二度目の人生ゆったりと⁇

minmi

文字の大きさ
267 / 475

子どもたちのために

しおりを挟む
 「貴方は私の女神だっ!」

 「…………残念ですが男です」

 感動に手を広げ今にも抱きついて来ようとしているが、それを止めるようにジンが後ろから襟首を掴まえてくれているためその手が届くことは一生ないだろう。

 「いえ!貴方は女神……いえ神だ!貴方に出会えたことに感謝をーーーってこら、いい加減離せ」

 「誰が離すか。うちの孫に触れたら殺す」

 気心知れた仲のようではあるが少々会話が物騒である。

 「ふっ、そんな脅し文句でこの私がーーちょっ、締まってる!締まっ、ぐぇ」

 なんだかなぁ。
 どうしたものかと背後にいるマーガレットを振り返れば呆れたような表情でポンポンと隣の席を叩いていた。
 ならばと隣に腰掛ければ、逆にマーガレットが立ち上がりーー
 ガツンッ!!
 ぶつかり合う額同士に自分がされたわけでもないのに痛みに声がでそうになった。

 「いい加減にしなっ!話しが進まないだろ!」

 いつの時代も女性は強し。
 揺れる頭に2人が倒れ込むのを心配しながら見守る。
 
 「うぅ、いたたた。す、すまない、あまりの感動に我を忘れていた。えーと、エニシくんだったね。
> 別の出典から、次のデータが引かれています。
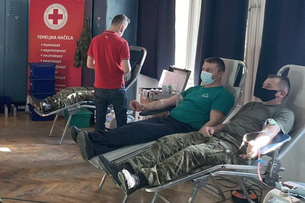Pripadnici 1. oklopno-mehanizirane bojne Sokolovi Gardijske oklopno-mehanizirane brigade Hrvatske kopnene vojske u utorak 8. veljače. 2022. u vojarni “132. brigade HV” u Našicama sudjelovali su u humanitarnoj akciji dobrovoljnog darivanja krvi.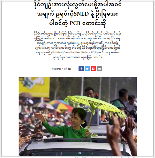 တကယ်တမ်း ဗွီဒီယိုထဲမှာ ဖော်ပြထားတဲ့အကြောင်းအရာတွေဟာ ဒေါ်အောင်ဆန်းစုကြည်၊ ဦးဝင်းမြင့်အပါအဝင် နိုင်ငံရေးအကျဉ်းသား အားလုံးကို ခြွင်းချက်မရှိ အမြန်ဆုံး လွှတ်ပေးဖို့နဲ့ လူငယ်တွေကို အတင်းအဓမ္မ ဖမ်းဆီးတာ၊ စစ်မှုထမ်းခိုင်းခြင်းများကို လုံးဝမပြုလုပ်ရန် နိုင်ငံရေးအင်အားစုတွေ စုပေါင်းထားတဲ့ PCB အဖွဲ့က တောင်းဆိုတဲ့ သတင်းနဲ့ တခြားသော သတင်းတွေကို ပြန်လည်ဖော်ပြထားတယ်။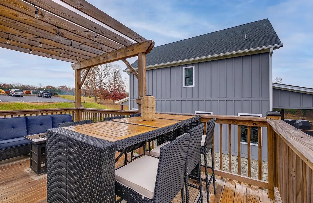The Huddleston property offers self-catering amenities, such as a fully furnished kitchen, and an outdoor dining area for guests' convenience. The kitchen also offers an oven and a dishwasher.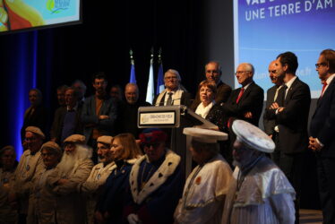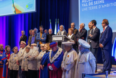 Après son discours, Franck Vernin a souhaité mettre à l’honneur Michel Lévy, artiste renommé du territoire, plusieurs fois distingué. Ce dernier est venu présenter Marianne, une œuvre originale qui revisite avec audace et sensibilité la figure emblématique de la République française. Pour conclure la cérémonie, Geneviève Varoqui, Présidente de l’Ambassade Régionale des Confréries de Produits de Terroir – Goût, Gastronomie d’Île-de-France, a remis au Président de l’Agglomération la médaille de l’Ambassade d’Île-de-France des Confréries de Produits de Terroir, en reconnaissance du soutien apporté par l’Agglomération à la promotion des produits du terroir.

驚かせてしまって申し訳ない」

 意外にも石頭だったようだ。
 未だ床に沈むジンとは違い男は数回頭を振ると元の状態に戻っていた。

 「それで……なんだったかな。ああ、そう、ミソの販売の話しだったね。喜んで引き受けるよ」

 「ありがとうございます」

 商人とは……こういうものなのだろうか?
 とりあえず話しを受けてもらえたことに感謝し、大まかに話しをつめていく。
 最初こそ何だこれとばかりに首を捻っていたが、その使い方などを縁が説明すれば怖ろしいほど喜んでくれた。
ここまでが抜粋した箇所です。